My first attempt at this is the easier version of setting up a module which has functions to read the remote data source and return the data as an array to Drupal. It then has functions to explore the data and then theme it, in keeping with how Drupal should work (and other decently worked out modules). The layers of logic are separated. Since I am only interested in proving the idea, I have not worried too much about the notion of routing and transforming. For now, I’m trying to get a simple page working with a table. Since this is data, we really want or need more interesting things to happen to it but again that would be another day. The first option merely pulls in data and the Drupal theming layer takes over.

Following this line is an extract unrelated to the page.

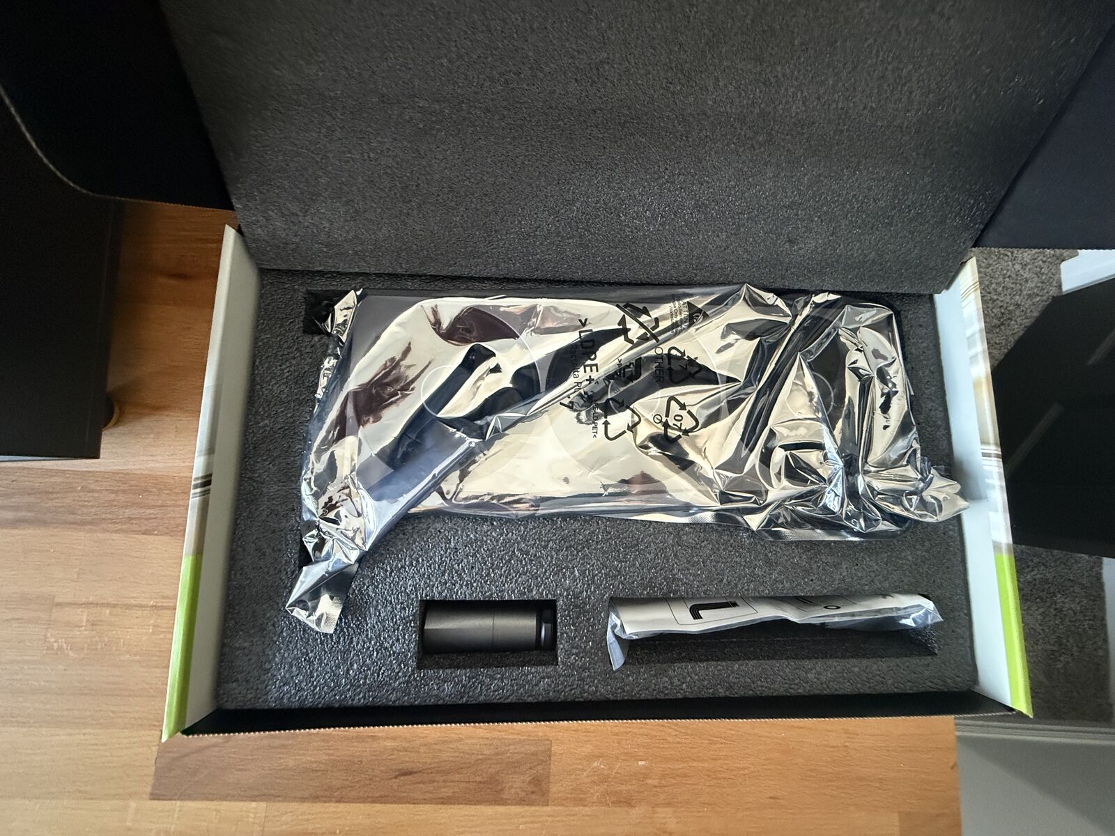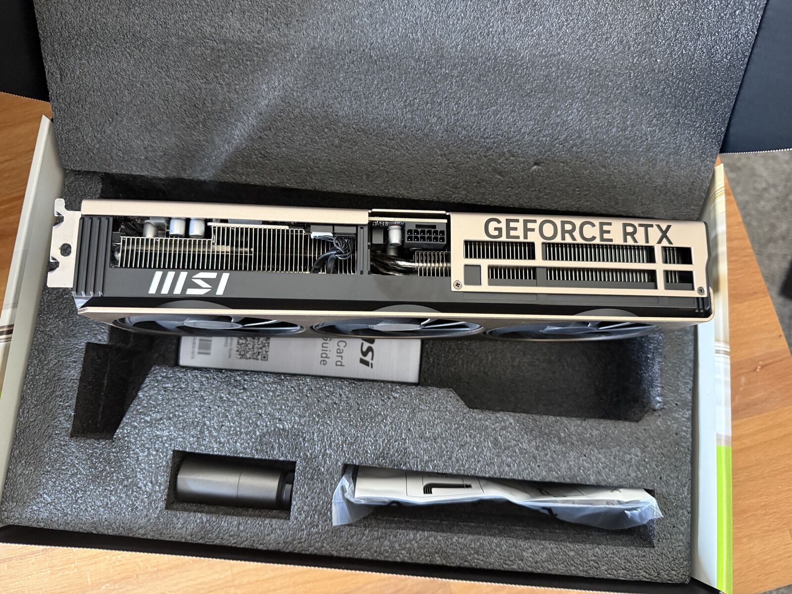 Comes with all the original pieces and parts. Power adapter ( I never used) and the GPU anti-sag bracket. Comes in the anti-static bag.

No nodes are created and the data is constantly being pulled across from the service. This does present a performance issue since no caching is involved here. For now, this is not an issue.

For display purposes, I wrapped the data into theme_table function to output a simple table. For production purposes, I would probably be better of creating my own theme template to absolutely control the output. Better still (and this is a completely different topic), I could find a story to tell with my data and, since it is largely numeric, use charts and graphs (jQuery and so on here I come!) to pull out patterns for the user.

Looking at the network profiler in Chrome, it would appear the while call took 703ms. The web service took 539 ms to respond and 74ms to receive the JSON data. During the remaining 164 ms after the waiting was over and the data had been received and was being processed, the remaining time was spent calling the Javascript and theme functions.

Now to be fair, the web service it is calling is unoptimised and would probably be a little faster on a server but it hints at the major issue for constantly going back to the web service. The page is slightly at the mercy of the back-end service and any or no caching. I don’t have any on this test case but a production API should do.

Despite the fact that you would need to write a fair amount of custom code to do this, there is a flexibility that is gained to control what happens to the data.

The next method to try would be what Larry Garfield calls ‘Lazy bridge nodes’ which builds on this first, loose version to try and leverage the power of Drupal’s internals to help the developer. Hopefully this will give me both the flexibility of custom code but also be to hook into any contributed modules and node methods to pull out the data and make it useful for the reader.